Ki-Ha Min scite author profile

Carbonic anhydrases (CAs) have been given much attention as biocatalysts for CO(2) sequestration process because of their ability to convert CO(2) to bicarbonate. Here, we expressed codon-optimized sequence of α-type CA cloned from Dunaliella species (Dsp-aCAopt) and characterized its catalyzing properties to apply for CO(2) to calcite formation. The expressed amount of Dsp-aCAopt in Escherichia coli is about 50 mg/L via induction of 1.0 mM isopropyl-β-D-thiogalactopyranoside at 20 °C (for the case of intact Dsp-aCA, negligible). Dsp-aCAopt enzyme shows 47 °C of half-denaturation temperature and show wide pH stability (optimum pH 7.6/10.0).
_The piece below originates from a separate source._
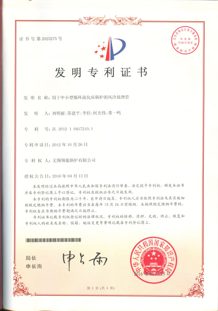 • 發明專利201210417210.1用于中小型循環流化床鍋爐的風冷放渣管
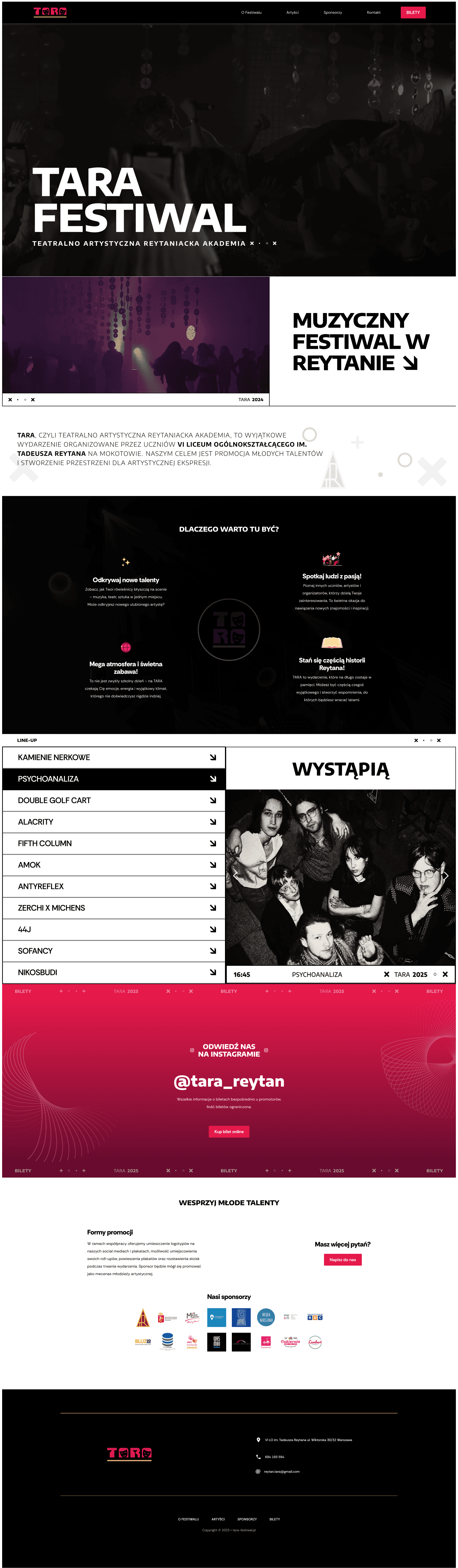 TARA – Teatralno Artystyczna Reytaniacka Akademia – is an art festival organized by students of the 6th Tadeusz Reytan High School in Warsaw. It promotes young artists and builds a community around music, theater, and visual arts. The client needed a modern, engaging one-page website that appeals to high school students and maintains a professional tone for sponsors.

Apparent values of K (m) and V (max) for p-nitrophenylacetate substrate are 0.91 mM and 3.303 × 10(-5) μM min(-1). The effects of metal ions and anions were investigated to find out which factors enhance or inhibit Dsp-aCAopt activity. Finally, we demonstrated that Dsp-aCAopt enzyme can catalyze well the conversion of CO(2) to CaCO(3), as the calcite form, in the Ca(2+) solution [8.9 mg/100 μg (172 U/mg enzyme) with 10 mM of Ca(2+)]. The obtained expression and characterization results of Dsp-aCAopt would be usefully employed for the development of efficient CA-based system for CO(2)-converting/capturing processes.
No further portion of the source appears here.